The developed method, named NetHiKe (Network-based Hidden Key molecule miner), was able to detect potential key molecules by utilizing the human biomolecular network as a knowledge base. Thus, it is hoped that this method will enhance the progress of biological data analysis in the whole-genome research era.
KeywordsKnowledge-based analysis Network data mining Omics data analysis Cancer research
The emergence of next-generation sequencing technology and sophisticated microarray technology has enhanced the diversity of high-throughput biological experiments. In addition to gene expression profiling, epigenetic data, including DNA methylation and histone modifications, and mutation analysis in cancer have been studied comprehensively in a genome-wide manner. It is absolutely indispensable to use biological knowledge-based analysis methods to translate the results of these experiments into a better understanding of the underlying phenomena and to plan the next stages of research.

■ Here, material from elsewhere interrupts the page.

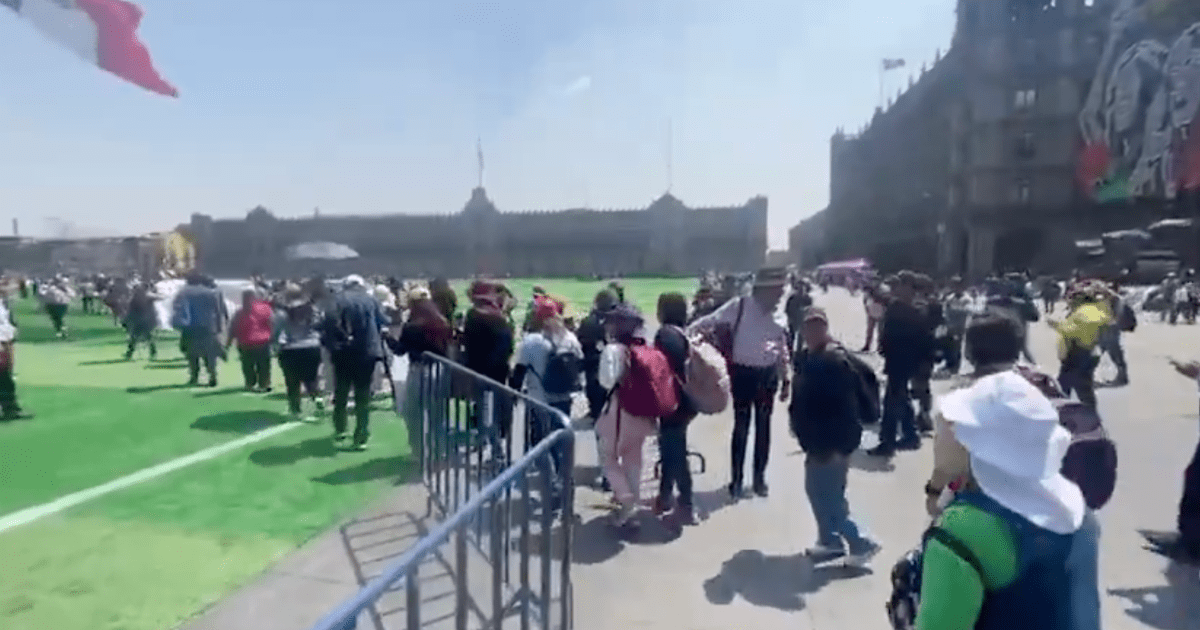 Alrededor de un centenar de manifestantes irrumpieron en el zócalo capitalino mientras se realizaba la colocación del césped artificial para la megaclase de futbol que se efectuará este domingo.

Biological knowledge, such as pathways or gene sets, is compiled in various databases. In these databases, biological knowledge is represented as a precompiled, divided set of genes, such as the “P53 signaling pathway” or “apoptotic signaling pathway”. These pathways are utilized by various knowledge-based analysis methods. Over-representation analysis (ORA) is a widely used method for mapping a list of genes onto these pathways automatically, and this technique can determine the pathways or functional gene sets that are enriched in a given list of genes obtained experimentally. ORA is frequently implemented as a web application, such as the NCI-Nature Pathway Interaction Database[1, 2] and the DAVID bioinformatics resources, that receive an input list of genes and calculate the p-values based on the frequency of the appearance of the input genes in each precompiled gene set. However, using the ORA methodology, the input list of genes is simply characterized with respect to the already-known pathways. Thus, researchers can rarely discover something new related to their input.
Another type of knowledge-based analysis is the network-based analysis method, which uses an interaction network of biomolecules as the knowledge. In this type of network, the biomolecules (proteins or genes) correspond to the nodes, and the edges indicate the relationships between the molecules (e.g., “protein A induces protein B” or “protein B phosphorylates protein C”). The assembled network is often called a protein-protein interaction (PPI) network or a biomolecular network, and several methodologies are available for analyzing experimental results using this network-based biological knowledge[4–6]. Many network-based analysis methods extract modules, which are sets of tightly connected nodes consisting of the input genes, and it is strongly expected that the genes in a module achieve a biological function in a coordinated manner. In addition, these modules sometimes include nodes that were not present in the input list. Thus, the network-based analysis methods partially overcome the disadvantages of ORA, in terms of the limitation to the predefined pathways or gene sets. However, these module-centric methods restrict the results of the analysis to a certain area of each module, even though the input genes are spread over the whole biomolecular network. Furthermore, when the modules of the analysis results become larger or more complex, it is almost impossible to understand their biological meanings.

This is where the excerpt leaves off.